#### [Your objective]
Though the entries hold pictures, only their text should be duplicated, exactly and in full.
═══ Study material ═══
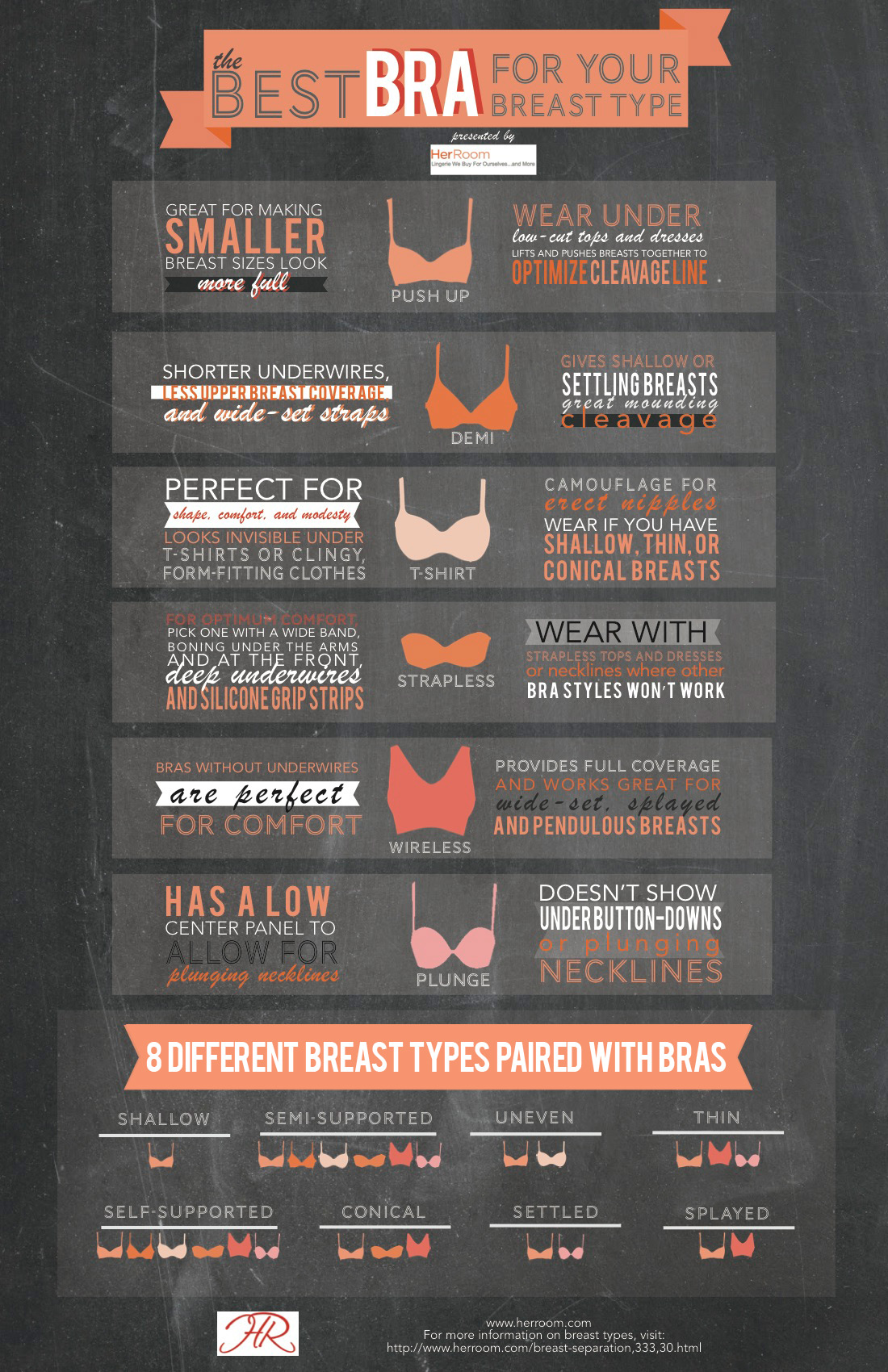 Just as the right clothes help you look and feel your best, the right bra could be the missing puzzle piece to perfecting your outfit. That’s why when online lingerie outlet HerRoom released the infographic below—the best bras for your breast type (!)—we were hooked.
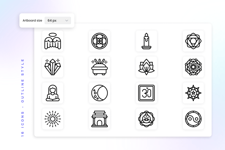 – 图标总数:16 个灵性图标(莲花、曼陀罗、冥想姿势、蜡烛、脉轮、念珠、神圣几何)
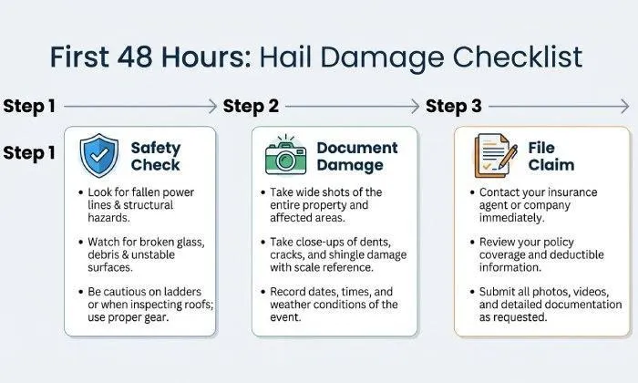 First 24–48 Hours After a Hailstorm: Safety, Documentation, and Temporary Protection
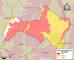 Le retrait-gonflement des sols argileux est susceptible d'engendrer des dommages importants aux bâtiments en cas d’alternance de périodes de sécheresse et de pluie. 95,5 % de la superficie communale est en aléa moyen ou fort (84,7 % au niveau départemental et 48,5 % au niveau national). Sur les 503 bâtiments dénombrés sur la commune en 2019, 494 sont en aléa moyen ou fort, soit 98 %, à comparer aux 86 % au niveau départemental et 54 % au niveau national. Une cartographie de l'exposition du territoire national au retrait gonflement des sols argileux est disponible sur le site du BRGM[24],[25].
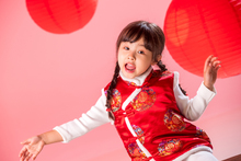 图片标题: 可爱的小女孩拿着红灯笼站在大门口
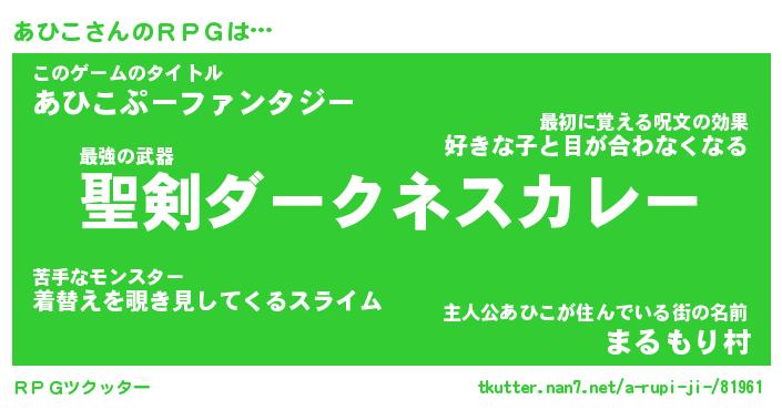 | ファンタジー風あだ名 | 『アヒフェル』『エターナルアヒコー』 |
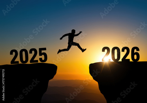 Silhouette of person jumping from 2025 cliff to 2026 during sunset symbolizing new year transition
═══
#### [Reply]
 Just as the right clothes help you look and feel your best, the right bra could be the missing puzzle piece to perfecting your outfit. That’s why when online lingerie outlet HerRoom released the infographic below—the best bras for your breast type (!)—we were hooked.
 – 图标总数:16 个灵性图标(莲花、曼陀罗、冥想姿势、蜡烛、脉轮、念珠、神圣几何)
 First 24–48 Hours After a Hailstorm: Safety, Documentation, and Temporary Protection
 Le retrait-gonflement des sols argileux est susceptible d'engendrer des dommages importants aux bâtiments en cas d’alternance de périodes de sécheresse et de pluie. 95,5 % de la superficie communale est en aléa moyen ou fort (84,7 % au niveau départemental et 48,5 % au niveau national). Sur les 503 bâtiments dénombrés sur la commune en 2019, 494 sont en aléa moyen ou fort, soit 98 %, à comparer aux 86 % au niveau départemental et 54 % au niveau national. Une cartographie de l'exposition du territoire national au retrait gonflement des sols argileux est disponible sur le site du BRGM[24],[25].
 图片标题: 可爱的小女孩拿着红灯笼站在大门口
 | ファンタジー風あだ名 | 『アヒフェル』『エターナルアヒコー』 |
 Silhouette of person jumping from 2025 cliff to 2026 during sunset symbolizing new year transition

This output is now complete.